NORTH CHARLESTON, SC (WCSC) - More than 250 off-system electric and gas workers are making their way to the Lowcountry to assist with the aftermath of Hurricane Matthew.
Kim Asbill, a spokeswoman for South Carolina Electric & Gas (SCE&G), said workers including linemen and tree trimmers, are coming from Texas, Oklahoma, Mississippi and other parts of South Carolina.
Right now many workers are headed to Florida to help with the effort there, however workers have been requested to come to the Lowcountry.
"All of the neighboring utilities belong to a network called the Southeastern Electric Exchange," Asbill said. "If you have crews to offer you can offer your crews up, and if you have crews that you need you can put your request in."
2,000 employees will be working for SCE&G throughout the course of the storm, making sure trucks are prepped with the necessary supplies.
"We prepare year round for this so we are ready," Asbill said. "We do our tree trimming, making sure the trees are off the lines. With something like this we don't know what to anticipate as far as if it's going to be a category two or three, something serious, but we do know there's going to be wind involved with it and we do know there will be outages."
Management is urging customers to heed Governor Nikki Haley's evacuation suggestion.

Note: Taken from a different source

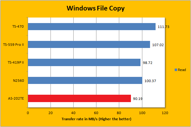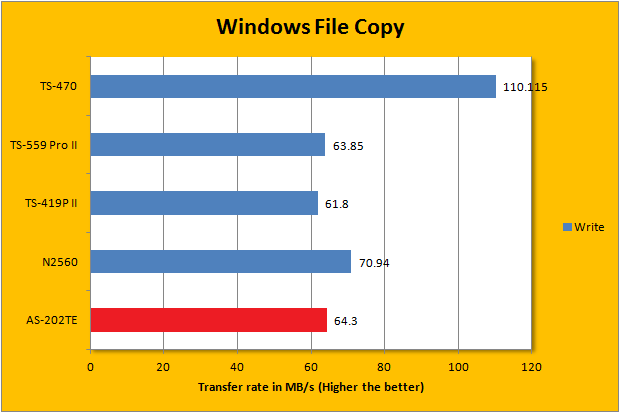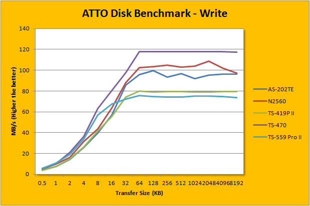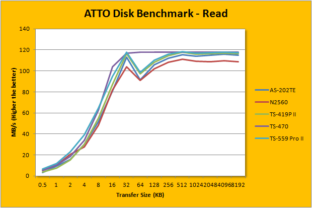 ATTO disk benchmark provides valuable insight into evaluating disk performance; it is especially valuable since it is not local disk limited like Windows file copy -- but rather the network adapter itself. After first using it in our QNAP TS-559 Pro+ review three years ago, ATTO has been an integral part of our storage benchmarks; used in everything ranging from USB flash drives to solid state disks. Venturing into the area of 115MB/s in read and 100MB/s write for pretty much everything 128K and up, remember that the theoretical maximum of Gigabit Ethernet is 'only' 125MB/s (1000Mbps / 8) with overhead -- this is pretty impressive. As far its comparison against the Thecus N2560 is concerned, it is slightly slower in the write portion like we have seen earlier. Interestingly, when it comes to the read portion, the ASUSTOR AS-202TE is actually faster. Does it make sense? Not really, but results are results.

"Safety is our number one priority," Asbill said. "If she is urging the evacuation of your county we definitely want to make sure folks are doing that."
If residents plan to stay in the area, be mindful to stay away from downed power lines.
"With the high winds, if you're staying at your home and there are trees blowing on power lines, it could knock them down," Asbill said. "Always assume downed power lines are energized. Report them to the power companies."
Administrators at SCE&G also say they do not plan to cut power off to any communities, especially the islands ahead of the storm.
"We were hearing rumors about cutting power and gas to those areas," Asbill said. "That is not the case. Rest assured in advance of the storm we will not be cutting power."
Field crews will be working on 12-hour shifts for the foreseeable future, all dependent on weather.
Berkeley Electric Cooperative
Berkeley Electric Cooperative also has additional crews coming to the Lowcountry.
A spokesperson for the company said there are a total of 19 in-house crews. Twelve additional line crews and 14 service crews have been contracted to assist with future restoration efforts.
The Cooperative is also prepared to bring in at least 12 more right-of-way crews.
Administrators are asking customers to report outages to 1-888-253-4232.
The company will have nearly 100 incoming lines open to take calls, however some circuits may be busy.
Members can also report outages through the co-op's Smarthub mobile and online app. If members have evacuated the area, they can also use the Smarthub app to determine if their home has power before returning. Current outages can be viewed at outageviewer.becsc.com.
Water companies prepared
Administrators at the Charleston Water System say their facilities are prepared for Hurricane Matthew.
Chief Operating Officer Andrew Fairey said the company follows a very detailed plan for severe weather events.
"We've been in preparation for several days now," Fairey said. "We've completed those plans and are ready for the storm."
Over the last few days crews have moved their equipment from the North Charleston location to their facility in Hanahan.
Backhoes, buffalo water tanks, and air compressors fill the parking off Hanahan Road.
Fairey said he's confident heading into the weekend.
"At the Charleston Water System we are committed to keeping the water up and running," Fairey said. "We did not lose water system pressure during Hurricane Hugo, and all intentions are we will do that throughout this event."
While there are bound to be power outages across the Lowcountry, Fairey adds it should not affect the water system.
"We have full generators at all of our facilities, so our system can run totally off the power grid for well over a week," he said. "So we have booster stations throughout the system, and many of them are actually fueled by natural gas that's piped in so we don't even have to worry about getting fuel to them."
As for anticipated issues they could deal with, workers are keeping an eye on the amount of rainfall and the high winds.
"You could have a tree uproot and damage a water line," Fairey said. "A lot of time someone will hit a fire hydrant with a piece of equipment or something like that, but typically for a storm like this we'll go through without any issues of treating water or the supply."
Managers add if you are experiencing issues with your water supply to report the problem to the proper agency.